> Primary purpose of DirectRunner is testing, not
performance
That's one argument, but it's very difficult to
effectively test a pipeline when I need to wait 15+
minutes for the first element to go through it. I also,
disagree in general that we shouldn't care about the
performance of the DirectRunner. It's likely the first
runner new users of beam try (I know it was for us), and
if it doesn't provide enough performance to actually run
a representative pipeline, users may extrapolate that
performance onto other runners (I know we did).
Anecdotally, the fact that the DirectRunner didn't work
for some of our initial test pipelines (because of
performance problems) probably delayed our adoption of
beam by at least 6 months.
> Steve, based on your findings, it seems like it takes
more time for the SDF pipeline to actually start to read
from PubSub and more time to output records.
Pubsub reads start ~instantly. but I'm not able to see
any elements actually output from it for a LONG time,
sometimes 30+ minutes. I see the reader acking back to
pubsub, so it IS committing, but no elements output.
After a bunch of debugging, I think I finally figured out
what the problem is though. During a checkpoint (in
trySplit), the UnboundedSourceViaSDF wrapper will close
the current source reader and create a new one. The
problem is, the pubsub reader needs some time to
correctly estimate it's watermark [1], and because it
gets closed and recreated so frequently due to
checkpointing (either number of elements, or duration),
it can never actually provide accurate estimates, and
always returns the min watermark. This seems like it
prevents some internal timers from ever firing,
effectively holding all elements in the pipeline state.
I can confirm this also by looking at WatermarkManager,
where I see all the bundles pending.
[1]
https://github.com/apache/beam/blob/master/sdks/java/io/google-cloud-platform/src/main/java/org/apache/beam/sdk/io/gcp/pubsub/PubsubUnboundedSource.java#L959
On Thu, Dec 17, 2020 at 9:43 AM Jan Lukavský
<je...@seznam.cz <mailto:je...@seznam.cz>> wrote:
Hi Ismaël,
what I meant by the performance vs. testing argument
is that when
choosing default values for certain (possibly
configurable) options, we
should prefer choices that result in better tested
code, not better
performance.
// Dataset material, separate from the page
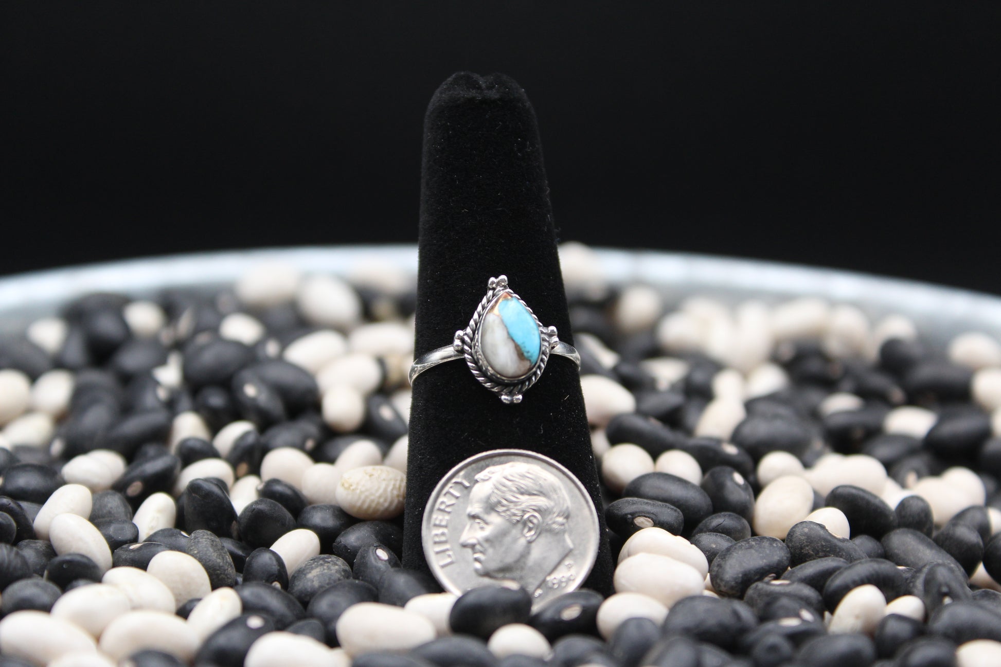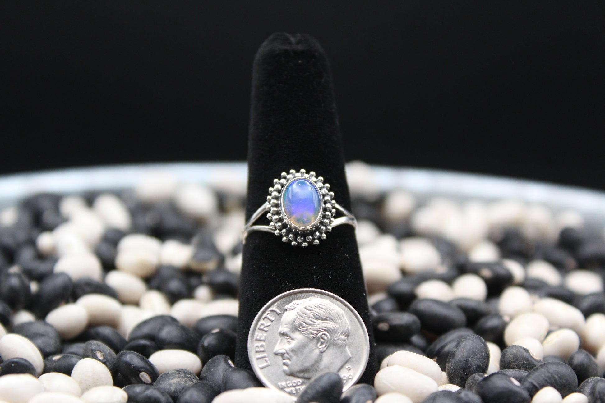 Looking for a dainty yet eye-catching ring? These .925 sterling silver rings are sized at 7 and feature one-of-a-kind stones, each with its own unique beauty. Whether you're drawn to the earthy tones of wild horse, the vibrant hues of turquoise, or the shimmer of opals, there's a ring here meant just for you!

DirectRunner actually does quite many
things that are
suboptimal performance-wise, but are good to be done
for test purposes
(immutability checks, as an example).
Regarding SDF in general, I can confirm we see some
issues with Flink,
most recently [1] (which I'm trying to fix right
now). That is actually
correctness, not performance issue. I personally
didn't notice any
performance issues, so far.
Jan
[1] https://issues.apache.org/jira/browse/BEAM-11481
On 12/17/20 3:24 PM, Ismaël Mejía wrote:
> The influence of checkpointing on the output of the
results should be
> minimal in particular for Direct Runner. It seems
what Steve reports
> here seems to be something different. Jan have you
or others already
> checked the influence of this on Flink who is now
using this new
> translation path?
>
> I think the argument that the Direct runner is
mostly about testing
> and not about performance is an argument that is
playing bad on Beam,
> one should not necessarily exclude the other.
Direct runner is our
> most used runner, basically every Beam user relies
on the direct
> runners so every regression or improvement on it
affects everyone, but
> well that's a subject worth its own thread.
>
> On Thu, Dec 17, 2020 at 10:55 AM Jan Lukavský
<je...@seznam.cz <mailto:je...@seznam.cz>> wrote:
>> Hi,
>>
>> from my point of view the number in DirectRunner
are set correctly. Primary purpose of DirectRunner is
testing, not performance, so DirectRunner makes
intentionally frequent checkpoints to easily exercise
potential bugs in user code. It might be possible to
make the frequency configurable, though.
>>
>> Jan
>>
>> On 12/17/20 12:20 AM, Boyuan Zhang wrote:
>>
>> It's not a portable execution on DirectRunner so I
would expect that outputs from
OutputAndTimeBoundedSplittableProcessElementInvoker
should be emitted immediately. For SDF execution on
DirectRunner, the overhead could come from the SDF
expansion, SDF wrapper and the invoker.
>>
>> Steve, based on your findings, it seems like it
takes more time for the SDF pipeline to actually
start to read from PubSub and more time to output
records. Are you able to tell how much time each part
is taking?
>>
>> On Wed, Dec 16, 2020 at 1:53 PM Robert Bradshaw
<rober...@google.com <mailto:rober...@google.com>> wrote:
>>> If all it takes is bumping these numbers up a
bit, that seems like a reasonable thing to do ASAP.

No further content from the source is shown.